Read through Colin Fay’s (short) book on Licensing R

Write a blog post addressing the following questions:

Under what license does R operate? What is the license for ggplot2?

R is licensed as GNU General Public License. R as a package is licensed under GPL-2 | GPL-3. The ggplot2 license is MIT + file LICENSE.

What are the dependencies of the package you made?

library(lubridate, quietly = TRUE) GPL (>= 2) library(tabulizer) MIT + file LICENSE library(tidyverse, quietly = TRUE) MIT + file LICENSE library(stringr) MIT + file LICENSE

Are packages we used.

Under which license should this blog post be published? Make sure that you are using an appropriate license. I would use MIT + file LICENSE because it does not matter if someone modifies anything.
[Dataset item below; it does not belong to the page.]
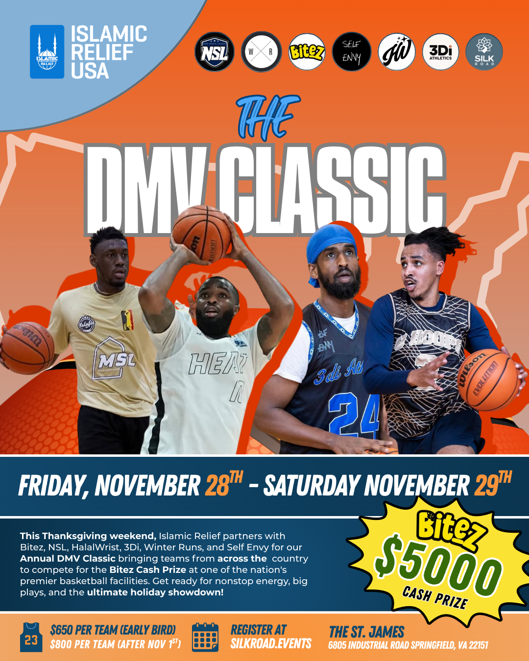 This Thanksgiving weekend, Islamic Relief partners with Bitez, NSL, HalalWrist, 3Di, Winter Runs, and Self Envy for our Annual DMV Classic bringing teams from across the country to compete for the Bitez Cash Prize at one of the nation's premier basketball facilities. Get ready for nonstop energy, big plays, and the ultimate holiday showdown!

Can I publish an R package on CRAN under an MIT license when I have a dependency on a package that is licensed under GPL-3?
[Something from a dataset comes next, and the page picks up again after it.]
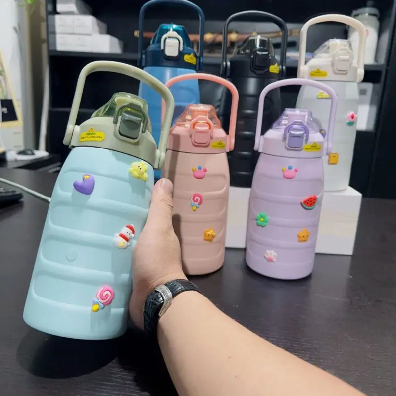 1200 ML Insulated Tumbler with Handle & Silicone Stickers | Double wall | Airtight & leak-Proof | Push Lock Button | Assorted Color | Box Packing

I would say yes you can publish a package on CRAN under an MIT license but it might not be technically following the rules.

The ‘harping’ questions:

  • Is it legal to publish an R package on CRAN under an MIT license when I have a dependency on a package that is licensed under GPL-3? No?
  • Is it illegal to publish an R package on CRAN under an MIT license when I have a dependency on a package that is licensed under GPL-3? No?
  • Is it a copyright infringement to publish an R package on CRAN under an MIT license when I have a dependency on a package that is licensed under GPL-3? Yes
  • Can I publish an R package on CRAN under an MIT license when I have a dependency on a package that is licensed under GPL-3 without infringing copyright? No

The licensing was a little confusing. It almost sounds like it isn’t very explicitly defined so it isn’t legal, but also not illegal. I’m not sure I understood the licensing very well.